Uniform Resource Locators (URLs)
Last updated on 2024-12-17 | Edit this page
Estimated time: 12 minutes
Delivering/retrieving multidimensional content over the web provides many advantages:
- Being able to easily access the content regardless of which platform they are using, such as PCs, mobiles or a VR headsets.
- Using common Internet interfaces and protocols (e.g. HTTP/HTTPs) to query, retrieve and display content.
Web Basics: Uniform Resource Locator
In order to understand how to provide access to multidimensional data over the web, it is first necessary to learn how data, of any type, is made available over the Internet.
A webpage is usually written in HTML and other web-languages, such as JavaScript, TypeScript or PHP. This code is in remote computers so that everyone can access the webpage they render.
To find webpages, we use a link on a browser called an URL (Uniform Resource Locator), such as https://www.brighton.ac.uk, https://www.europeana.eu/en.
URL Paths
Many web servers make use of the full URL path to send information to the server. A URL path usually specifies the location of the file or resource that the user wants to access in the server.
You will find this usually with images, PDF and other multimedia file that a webpage will be including. For example: https://culturedigitalskills.org/wp-content/uploads/Logo-Banner-3-1-1024x244.png
URL Anchors
Furthermore, URLs can contain a link to a specific section within a web page by using anchors. You will notice the use of anchors on a URL, as they include using a # symbol followed by a word. This word is usually defined in the HTML code so that the webpage knows which part the user is looking for.
See these examples:
This is a very simple browser exercise, but it serves to get the student thinking on things which are added to a URL for processing by the web server.
Challenge: Try this example
What is the difference of navigating to these two different URLs?
You will notice that the URL that contains the # symbol in the URL takes you to the specific section with the 17 SDG goals.
URL Query String (or Query Text!)
URLs can become more complex if we want the server which is ‘serving’ our webpage to perform any additional functionality before, during or after loading the webpage.
The ? symbol in a URL is known as URL parameter or query string.
The query string is the portion of text which comes after the ? symbol.
This text will be passed as data to the server.

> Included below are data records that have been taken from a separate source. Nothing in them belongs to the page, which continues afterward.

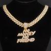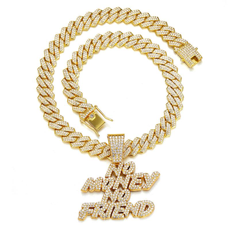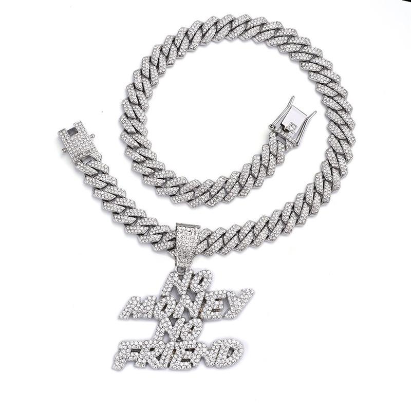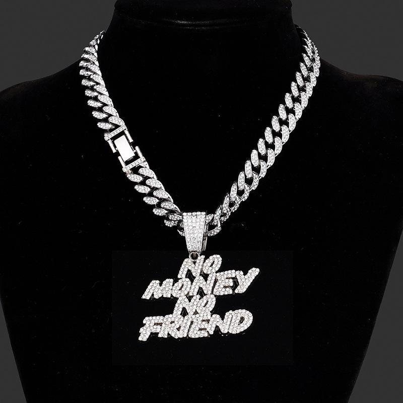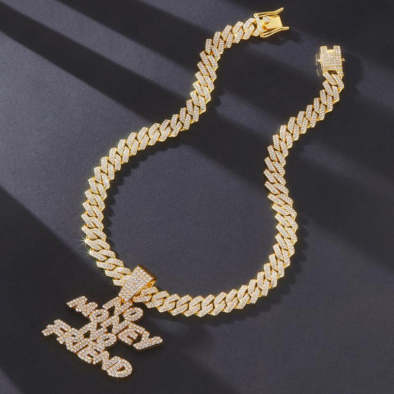 Collar hip hop con nueva letra transfronteriza, marca de moda, lujo ligero, aleación versátil, pedrería, cadena cubana, collar de cruz, exclusivo transfronterizo
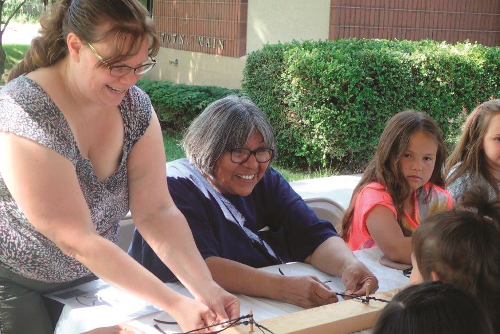 Anya Kitterman, Hill Air Force Base Cultural Resource Manager, left, and Patty Timbimboo-Madsen, Northwestern Band of the Shoshone Cultural and Natural Resource Manager, teach tribal children how to make cordage bracelets during an event at Hill AFB, June 21. Such an event provides an opportunity for Hill AFB to partner with a local consulting tribe in bringing a piece of their history and artifacts to them, which are generally inaccessible. In turn, tribal elders share tribal knowledge, which helps Hill AFB gain a better understanding of their concerns and resources.
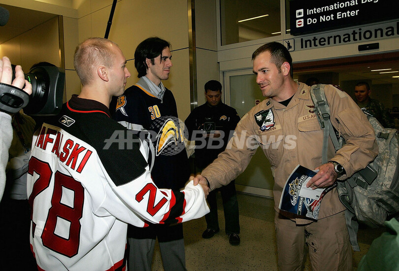 <06-07NHL>オールスター出場選手らが一時帰国した米軍兵士を出迎える - 米国
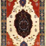 This beautiful, Traditional, Persian, Tribal, Hand-Knotted Rug is made of wool. It is primarily colored ivory and rust. This rug is 3’5”x5’1”.
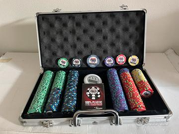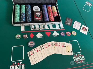 Vendo kit completo da Poker, ideale per serate professionali a casa. Tutto in ottime condizioni. Il set comprende: Valigetta Ufficiale WSOP (World Series of Poker): Chip di alta qualità (ceramica) con ottimo peso e suono. Carte Fournier: Mazzo 100% plastica professionale (made in Spain), lo standard nei casinò. Accessori: Timer elettronico per i bui e bottone Dealer originali inclusi. Tavolo/Top Pieghevole: Piano rigido rivestito in feltro verde con postazioni per 8 giocatori. Si ripiega facilmente per occupare pochissimo spazio quando non in uso. ⚠️ Disponibile per ritiro a mano (consigliato per le dimensioni del tavolo).
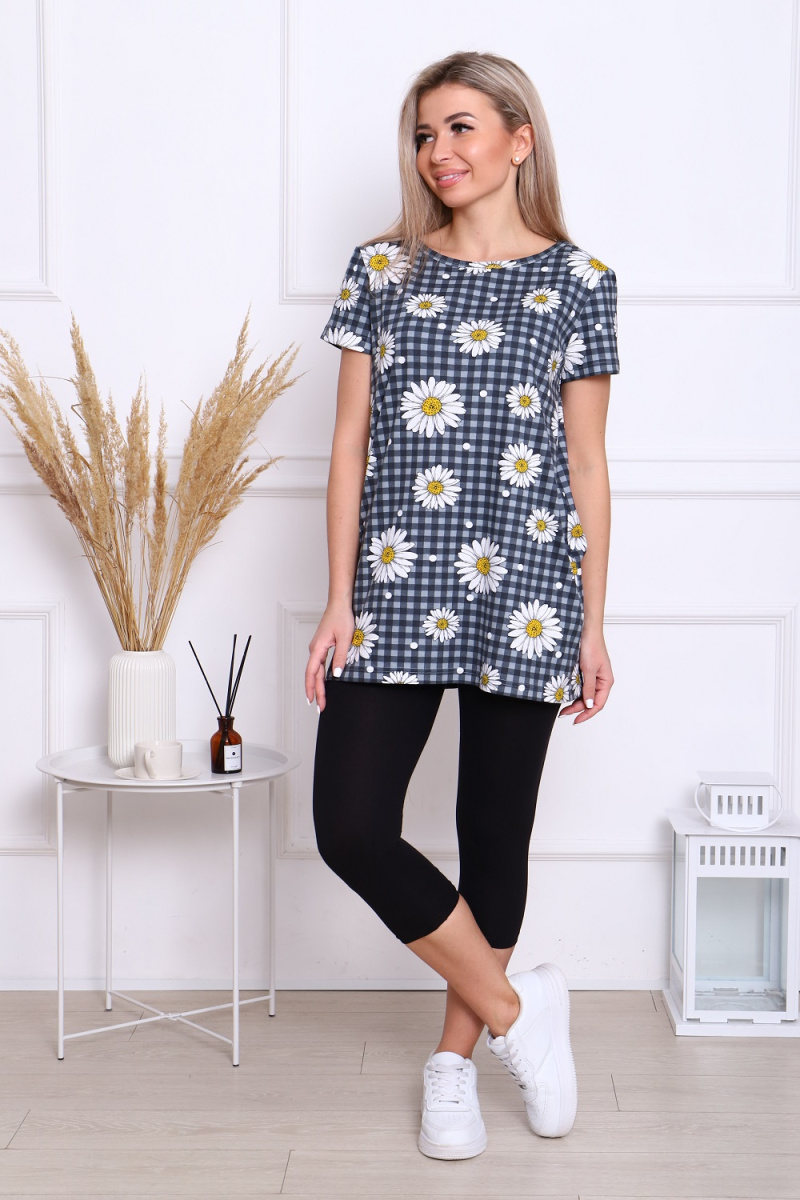 Костюм женский Дачник-3 "Ромашки", 100% хлопок - дышащий, комфортный: туника с коротким рукавом и карманами в боковых швах и легинсы.

The server might be running additional code which will process this text and change the content of the webpage accordingly.
For example, in the query
https://www.google.com/search?q=news&as_sitesearch=www.brighton.ac.uk&sort=date:D:S:d1
Note that you have three parameters:
- q: the search query.
- as_sitesearch: limits search results to documents in the specified domain, host or web directory.
- date: Sort results in descending order by date.
If the text or strings contains more than one word, the spaces should be replaced by the + symbol. For example:
More information about parameters for search: https://www.google.com/support/enterprise/static/gsa/docs/admin/current/gsa_doc_set/xml_reference/request_format.html
Challenge: Use a query in a URL
Try searching a word in the Europeana homepage.
For example, search for the word: ‘modernism’
Try using the query text in the Europeana URL to search for the word modernism:
https://www.europeana.eu/en/search?page=1&view=grid&query=modernism
Now, try changing directly the search term to the URL to a phrase.
Go back to the Europeana homepage.
Query strings are also used by Application Programming Interfaces or (APIs). In this lesson, we won’t explore this subject in detail. But it will be good you are aware that the information is passed to the server via the URL path.
For example, try the URL:
https://gtr.gtr.ukri.org/gtr/api/projects/5B805CC1-2B54-4CAE-9243-8EF4AFC35E7E
This URL queries an API (or database running on the server) to retrieve information that is contained in the database about the AHRC funded project ‘A Roadmap for a National Training Centre on Multidimensional Digital Media in the Arts and Humanities’. As you will see in the webpage, the information is not an HTML page but another structured type of data which contains various pieces of information about the project.
To understand how to use these URL, you usually need the guide to the API. For example, the query specified above users the database of the Gateway to research guide.
Persistent Identifiers (PIDs)
Although URLs are useful to retrieve a webpage, they are often not permanent.
URLs might stop working after a project finishes or funding ends to maintain a website.
Persistent identifiers (PIDs) address this challenge by ensuring the link to a digital object continue to exist in the long term.
The PID is a unique identifier that represents a something with a number or code.
They are similar to ISBN and ISSN which were used by publishers to identify written texts.
Currently there are PIDs to identify:
- Contributor, inc. authors and researchers
- Data and Software, inc. data sets, tables, figures, videos, code, 3D models
- Publications, inc. books, articles, white papers, chapters
- Projects, inc. grants given by funders
- Organization, inc. institutions, funders, corporations, government agencies
Key Points
- URLs can be a simple means to find a website.
- URLs can also include additional information which allows a server to change how the webpage is ‘served’.
- Anchors allow to easily jump to part of the page.
- URLs also provide the means to use a website as a database which can be queried via the URL path.